Ésa era la excusa y podría estar bastante de acuerdo en ella: yo también había convertido la visita semanal en algo mucho más esporádico, en beneficio del cine en casa. Sólo que, al dejar de ir al cine, también había dejado de ver a la mayoría de los colegas. El contacto era fundamentalmente correo electrónico o facebook, casi siempre para mandarnos gilipolleces. Nos llamábamos la noche de los estrenos gordos, o al menos lo hacíamos casi siempre, porque me acababa de acordar de que Justo no me había dado señales de vida tras el de Los Vengadores. Lo había hecho para avisarme del funeral, pero no para comentar la película.
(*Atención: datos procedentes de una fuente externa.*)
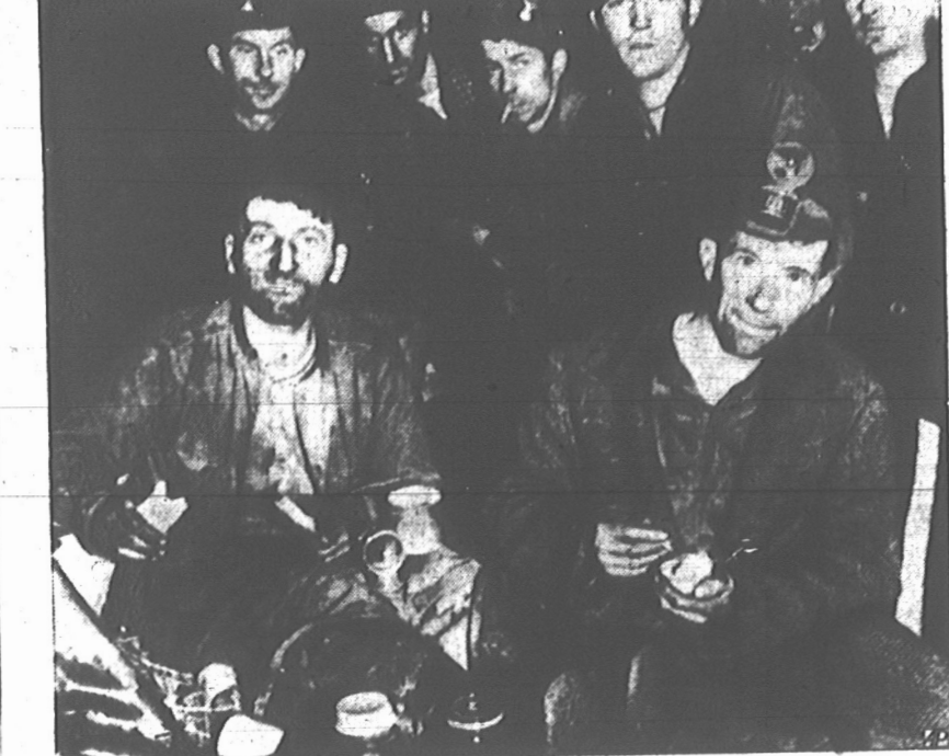
Miners Demand Back Pay, Stay In Shaft
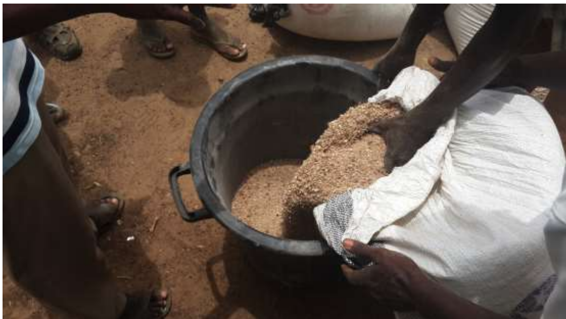
Measuring feed ingredients
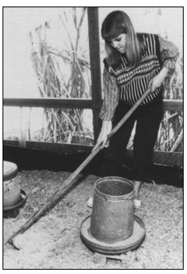
Stir the litter daily to prevent packing. Hard, damp litter will cause breast blisters on the birds.

Optimum performance of the broilers depends on proper nutrition. It is absolutely essential that broilers be fed a high-quality broiler feed containing at least 20 percent protein. Lower-protein feeds, including chick starter, will not do the job. Many experienced feeders start chicks on a higher-protein turkey or gamebird starter to stimulate additional
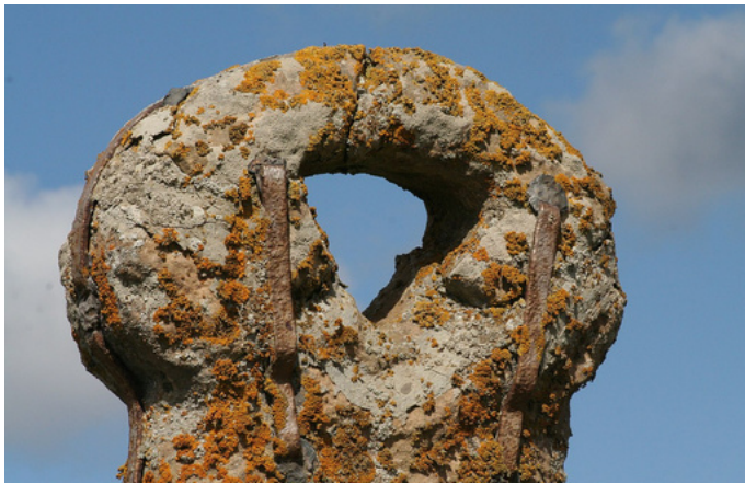
The Embo Cross - Marking the site of the battle

According to Sir Robert Gordon's account, the
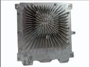
Aluminum Die Casting
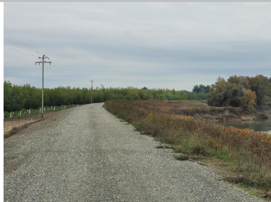
View of the vegetation along the waterside slope. Fall 2021.
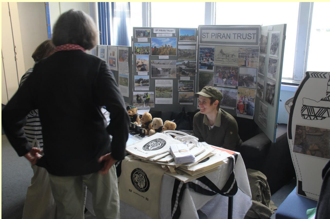
Some of the standings
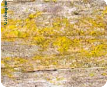
Gold Dust Lichen Chrysothrix xanthina
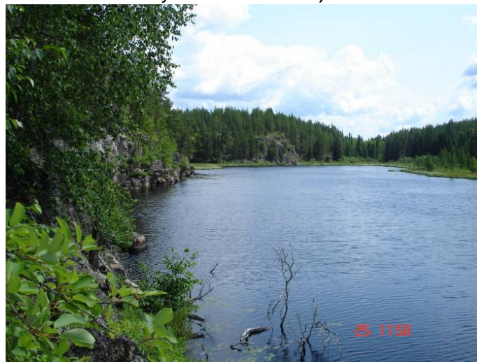
Lake immediately east of WSR at junction
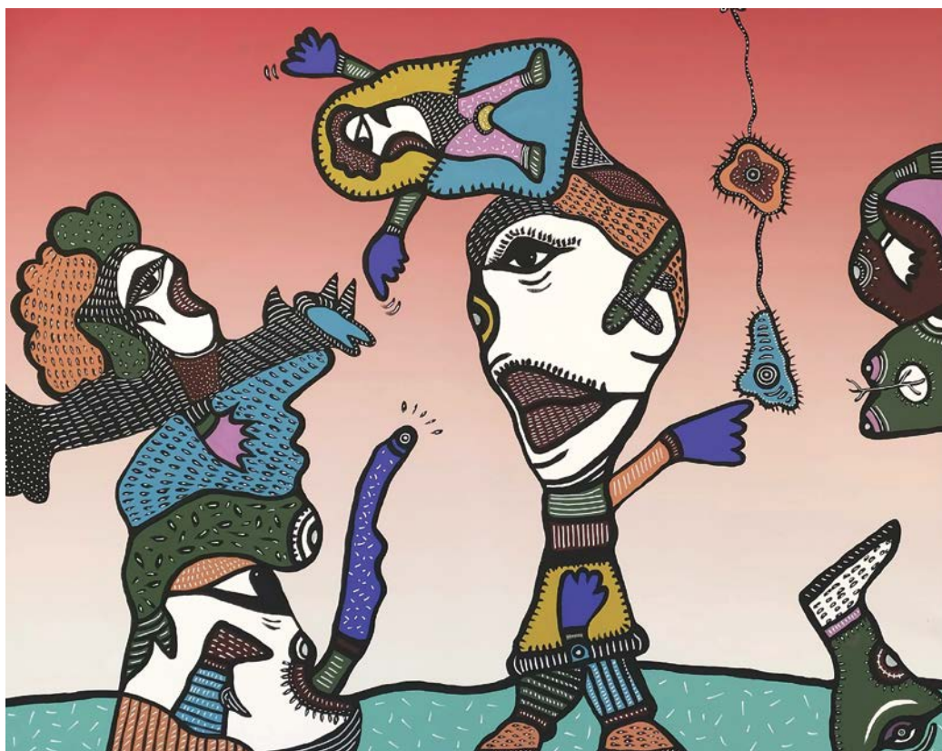
Enjoy (2025) mixed media on canvas 145x183 cm
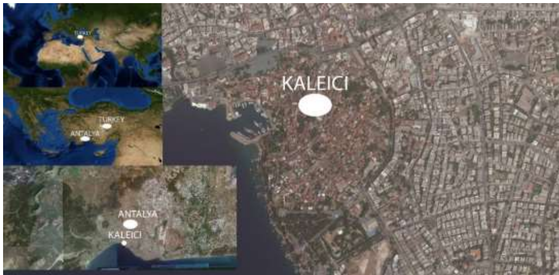
Figure 1. Location of Antalya and Kaleici

The Antalya province is situated in southwest Anatolia between the longitudes 29°20'-32°35' East and latitudes 36°07'-37°29' North. The city, located on the Mediterranean coast, is bordered by the Mediterranean Sea to the south and the Taurus Mountains to the north (Figure 1.).
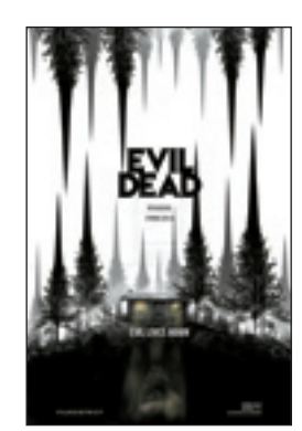
Evil Dead Rated: R Genre: Gore Remake
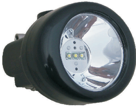
Ex ia IIA T3 IP67

The KH3E-Ex is our flagship model. It is the brightest in our Cordless Miner's Caplamp Series and is charged through external electrodes. The KH3E-Ex has three LEDs. The Main LED, in the middle of the reflector, is used for both normal and high-beam illumination. The two Emergency LEDs, located on each side of the Main LED, operate for extended periods of time during an emergency. KH3E-Ex features superior illumination, weighs less than 150g, and is lighter than the headpiece of a traditional caplamp. It is highly suitable for underground applications in metalliferous mines.
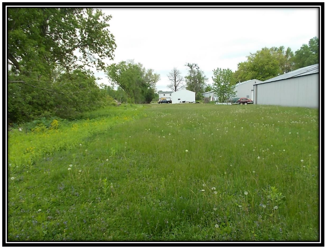
VIEW FROM SOUTH END OF PROPERTY

Preferí no sacar el tema. Y de repente me vino a la cabeza la frase de Jack Kirby que usaba Dylan Horrocks en Hieksville: «Los cómics te romperán el alma». Tenía que ver con la manera en la que la industria había utilizado, maltratado y tirado a la basura a uno de sus mayores genios, pero se me venía a la cabeza en relación a Justo. ¿Hasta qué punto su vida era así porque se había encerrado en aquella casa y en las cosas que le gustaban? ¿Hasta qué punto todo hubiera sido diferente si no lo hubiera tenido tan fácil para meterse en un cuarto, con sus cómics, con sus películas, con sus figuritas, sin necesitar nada del exterior? Es como quien se construye el perfecto refugio antizombis. Estás a salvo, tienes toda la seguridad, toda la comida e incluso todo el ocio que necesitas. Pero acabas siendo demasiado parecido a los muertos vivientes, porque se te ha olvidado lo que significa estar en contacto con la humanidad. Cuando se ha ido el mundo a la mierda, cuando los difuntos se han levantado del cementerio y se están comiendo por las piernas a los vivos, es justificable que hagas algo así. Cuando lo que hay afuera no es más que el mundo coñazo de cada día, es diferente. «Los cómics te romperán el alma». O te destrozarán la vida, si te descuidas. Ya no me quedaba ni una pizca de envidia y estaba deseando que nos marcháramos.

Durante la comida comprendí porqué mi amigo de la infancia había terminado recubierto por un permanente flotador de grasa gigante alrededor del cuerpo. Aurora no sólo no había perdido facultades culinarias, sino que las había mejorado. Un plato a rebosar de macarrones con lo que debía ser un kilo de carne picada y abundante tomate tuvo su continuación en tres filetes de pollo empanados que cubrían, cada uno de ellos, la mitad de la superficie del plato. Por si íbamos todavía ligeros, el postre consistía en un alucinante arroz con leche, recubierto con caramelo. No me entraba más, pero acepté el café antes de levantarme de la mesa. Con semejante bomba dentro de mi estómago, me iba a costar mantenerme despierto al volante.